◆ PROVIDED DATA
********

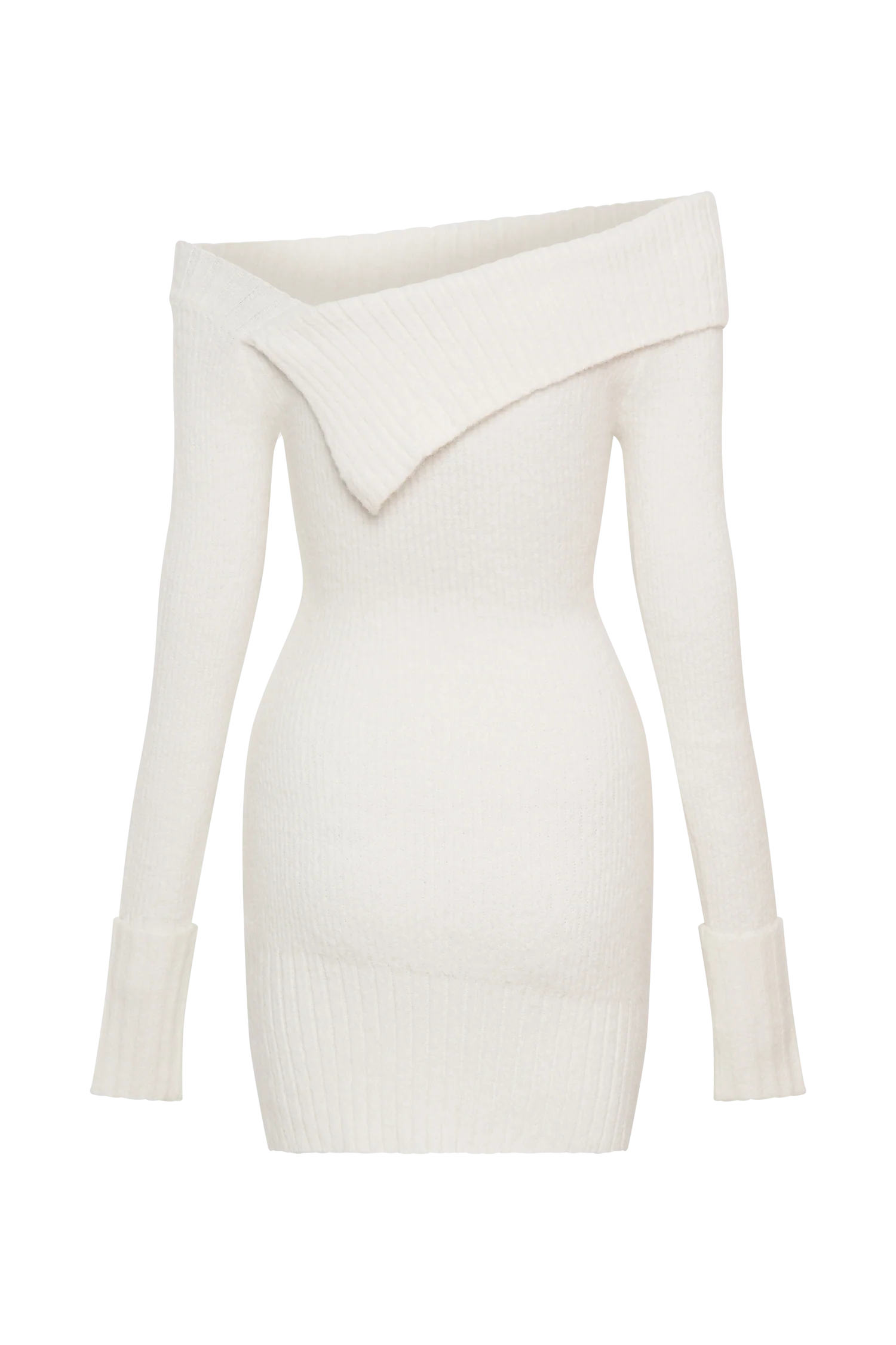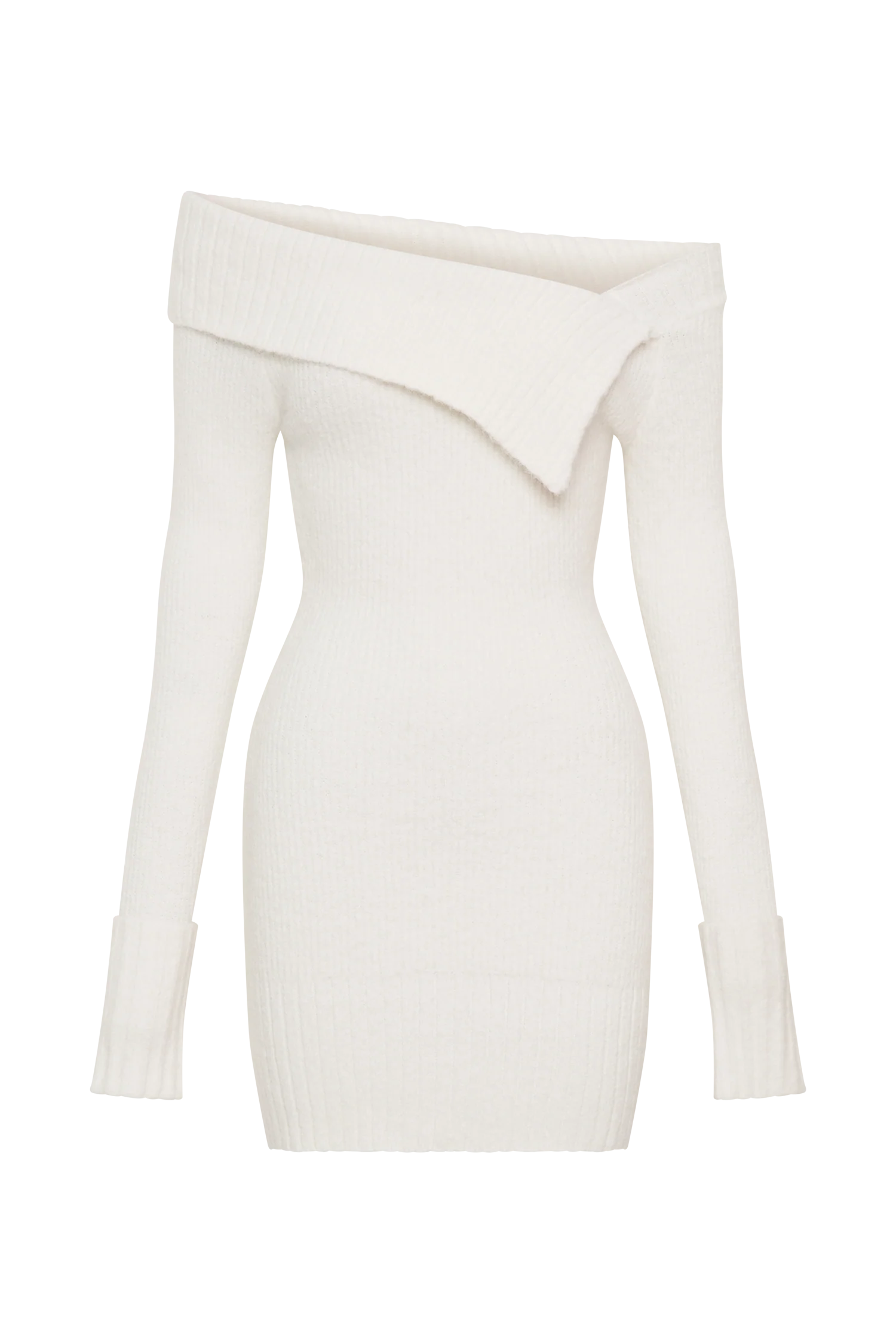 The STEPHANIE Asymmetric Knit Mini Dress offers a contemporary twist on classic design with its striking asymmetrical neckline and ribbed overlay. Featuring long sleeves and ribbed cuffs, this mini dress combines warmth with modern style. The unlined knit construction ensures a lightweight, comfortable fit that drapes beautifully. With its mini length and unique neckline detail, the Stephanie Dress is perfect for making a fashionable statement at any event, seamlessly blending comfort and edgy elegance.
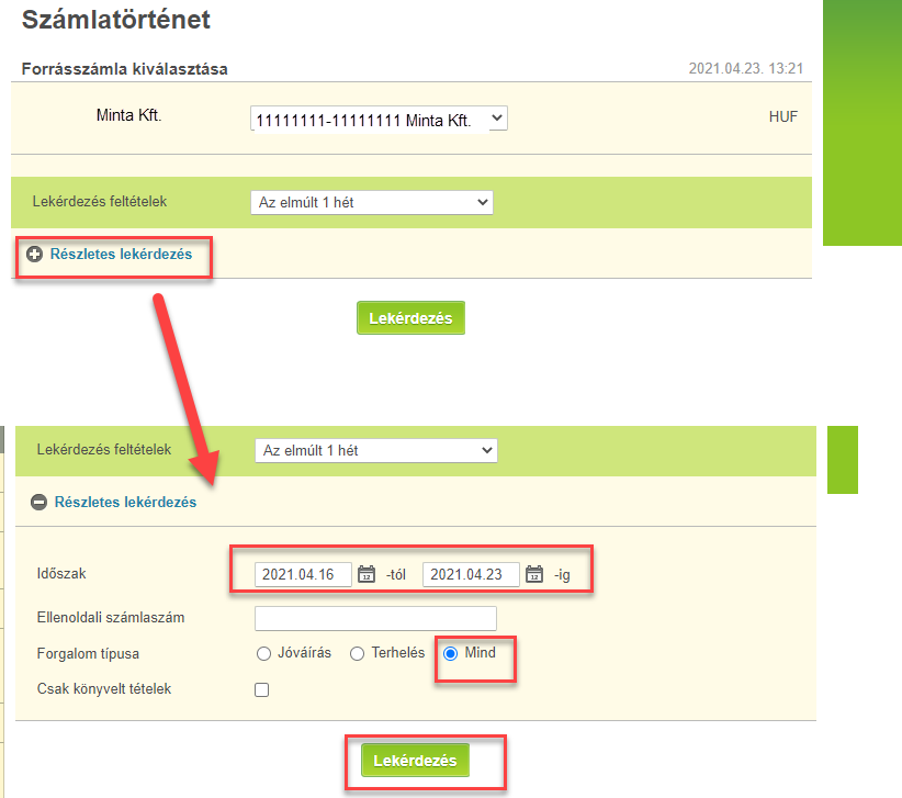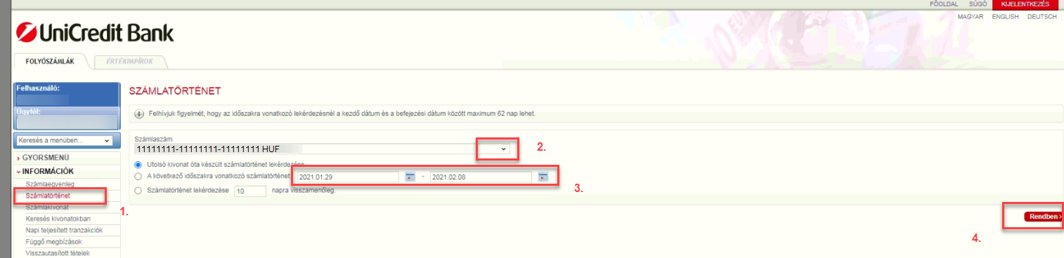 Válasszuk ki a kívánt számlaszámot Válasszuk ki a kívánt időszakot
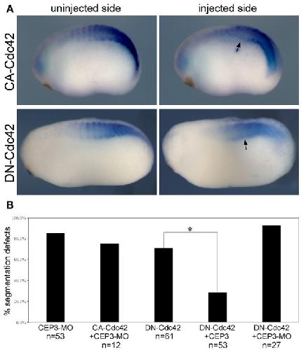 Figure 4. Cdc42 needs to be tightly controlled during somite segmentation. (A) 0.05 ng of constitutively active (CA) or dominant negative (DN) Cdc42 was injected into one side of the embryo, and their effect on somite segmentation was examined by the expression of myod1. Comparing to the uninjected control side, the segmented expression pattern of myod1 was lost on the injected side (arrows), suggesting that both increased and decreased activity of Cdc42 will affect somite segmentation. (B) CA-Cdc42 was co-injected with CEP3-MO, and CEP3 or CEP3-MO was co-injected with DN-Cdc42 to determine whether they can rescue segmentation defects caused by CEP3 or Cdc42 knockdown. The percentage of embryos with segmentation defect was summarized in the bar graph. chi-2 test indicates that CA-Cdc42 failed to rescue segmentation defects caused by CEP3-MO (p = 0.52), but CEP3 significantly rescued segmentation defects caused by DN-Cdc42 (*p < 0.01). Coinjection of CEP3-MO with DN-Cdc42, on the other hand, further inhibited somite segmentation (p = 0.02 when comparing with DN-Cdc42 alone).
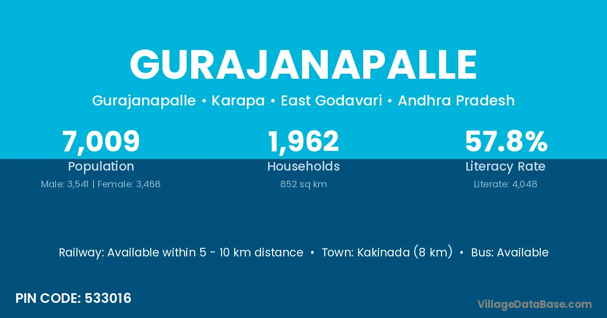 According to Census 2011 information, the village code of Gurajanapalle village is 533016.

********

◆ WHAT YOU NEED TO DO
When repeating the listing, keep each line exact and exclude the pictures.

◆ EXPECTED ANSWER
 The STEPHANIE Asymmetric Knit Mini Dress offers a contemporary twist on classic design with its striking asymmetrical neckline and ribbed overlay. Featuring long sleeves and ribbed cuffs, this mini dress combines warmth with modern style. The unlined knit construction ensures a lightweight, comfortable fit that drapes beautifully. With its mini length and unique neckline detail, the Stephanie Dress is perfect for making a fashionable statement at any event, seamlessly blending comfort and edgy elegance.
 Válasszuk ki a kívánt számlaszámot Válasszuk ki a kívánt időszakot
 Figure 4. Cdc42 needs to be tightly controlled during somite segmentation. (A) 0.05 ng of constitutively active (CA) or dominant negative (DN) Cdc42 was injected into one side of the embryo, and their effect on somite segmentation was examined by the expression of myod1. Comparing to the uninjected control side, the segmented expression pattern of myod1 was lost on the injected side (arrows), suggesting that both increased and decreased activity of Cdc42 will affect somite segmentation. (B) CA-Cdc42 was co-injected with CEP3-MO, and CEP3 or CEP3-MO was co-injected with DN-Cdc42 to determine whether they can rescue segmentation defects caused by CEP3 or Cdc42 knockdown. The percentage of embryos with segmentation defect was summarized in the bar graph. chi-2 test indicates that CA-Cdc42 failed to rescue segmentation defects caused by CEP3-MO (p = 0.52), but CEP3 significantly rescued segmentation defects caused by DN-Cdc42 (*p < 0.01). Coinjection of CEP3-MO with DN-Cdc42, on the other hand, further inhibited somite segmentation (p = 0.02 when comparing with DN-Cdc42 alone).
 According to Census 2011 information, the village code of Gurajanapalle village is 533016.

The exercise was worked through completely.